Modal is not an agent platform. It solves the compute layer — containers, GPUs, code execution — but provides no orchestration, no memory system, no tool registry. You bring your own agent framework (LangGraph, OpenAI Agents SDK, your own code) and Modal provides the fast, isolated compute underneath. Companies like Lovable and DoorDash are already doing this. But the interesting question isn't whether Modal can run agents — it's what happens to agent architecture when the compute layer is this fast.

Today's agents don't have a cold start problem. Most are long-running processes — coding assistants, research loops, multi-step pipelines orchestrated by Temporal or LangGraph — where you pay the startup cost once and the session runs for minutes or hours. The workarounds are good enough, and the industry has built around them. Frameworks like Restate are designed for durable execution. Google ADK markets the ability to "build long-running agents that pause, resume, and never lose context". The prevailing wisdom is that agents need long-running, stateful processes.

That wisdom rests on an assumption: that agents should be long-running, because the infrastructure demands it. What if they don't need to be?

Combine instant compute (Modal: sub-second containers, GPU snapshots) with instant inference and externalized state, and agents become ephemeral actions — spin up, load context, execute, write results, die. The "agent" is the workflow orchestration, not the process. Modal is already moving here with Sandboxes (50,000+ concurrent, sub-second startup, filesystem and memory snapshots for instant resume), and the inference side is shifting just as fast. Cerebras is hitting 2,600+ tok/s on Llama 4 Scout (19x faster than GPU solutions), 2,500+ tok/s on Maverick (~2.4x Blackwell), and 3,000 tok/s on OpenAI gpt-oss-120B — all driven by their WSE-3's 44GB on-chip SRAM at 21 PB/s bandwidth, which eliminates the HBM bottleneck that limits GPU inference. Taalas takes a more radical approach: their HC1 chip etches the model weights directly into silicon (mask ROM, no HBM, TSMC 6nm), hitting ~17,000 tok/s per user on Llama 3.1 8B — at the cost of running only that one model. Different paths, same direction: inference latency is collapsing.

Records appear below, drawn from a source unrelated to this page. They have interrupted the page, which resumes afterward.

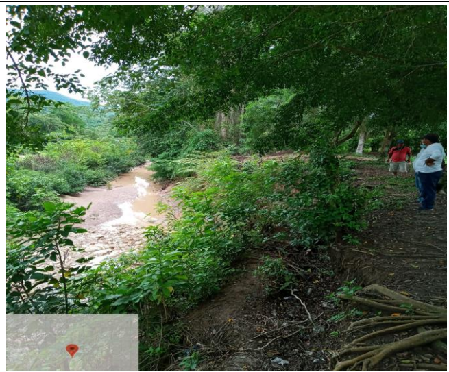
ESTADO EROSIONADO DE LA RIBERA SUPERIOR DE LA MARGEN DERECHA DE LA QUEBRADA MISHQUIYACU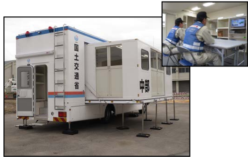
構内での操作訓練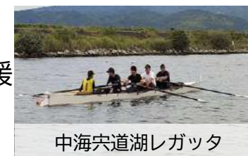
中海宍道湖レガッタ

This isn't just about inference. Every layer in the agent stack is converging on the same "instant" target. Container startup, model loading, token generation — and now the agent runtime itself. Agent Substrate, a new project from Kubernetes co-founder Tim Hockin, multiplexes hundreds of stateful agent sessions onto a small pool of Pods with sub-second activation and full state snapshots — 30× oversubscription on early demos. It's solving the same problem as Modal Sandboxes, but natively on Kubernetes. The pattern is the same everywhere: reduce startup time, externalise state, treat the process as disposable.

When every part of the pipeline is instant, the cost model flips. Long-running agents pay for idle time between actions; ephemeral agents pay only for execution and scale to zero between steps. A "session" becomes a chain of ephemeral invocations with shared external state.

The obvious counter-argument: state reload becomes the new bottleneck. If an ephemeral agent hydrates context from external storage on every invocation, that I/O cost replaces the cold start cost. But context is orders of magnitude smaller than a full process image (KBs–low MBs vs. GBs), it can be pre-fetched or streamed, and Modal's own storage layer (modal.Volume, modal.Dict) is co-located for exactly this pattern. Ephemeral agents trade one bottleneck (process startup) for another (state hydration) — but the ratio is shifting fast, and we're likely at the beginning of a 12–18 month transition.

Where this leaves us

The infrastructure thesis is simple: fast-enough startup changes what's architecturally possible. We're moving from "agents are long-running processes" to "agents are instant actions triggered by events." The companies that figure out the orchestration layer on top of instant infrastructure will define the next wave.

What does agent architecture look like when startup is free?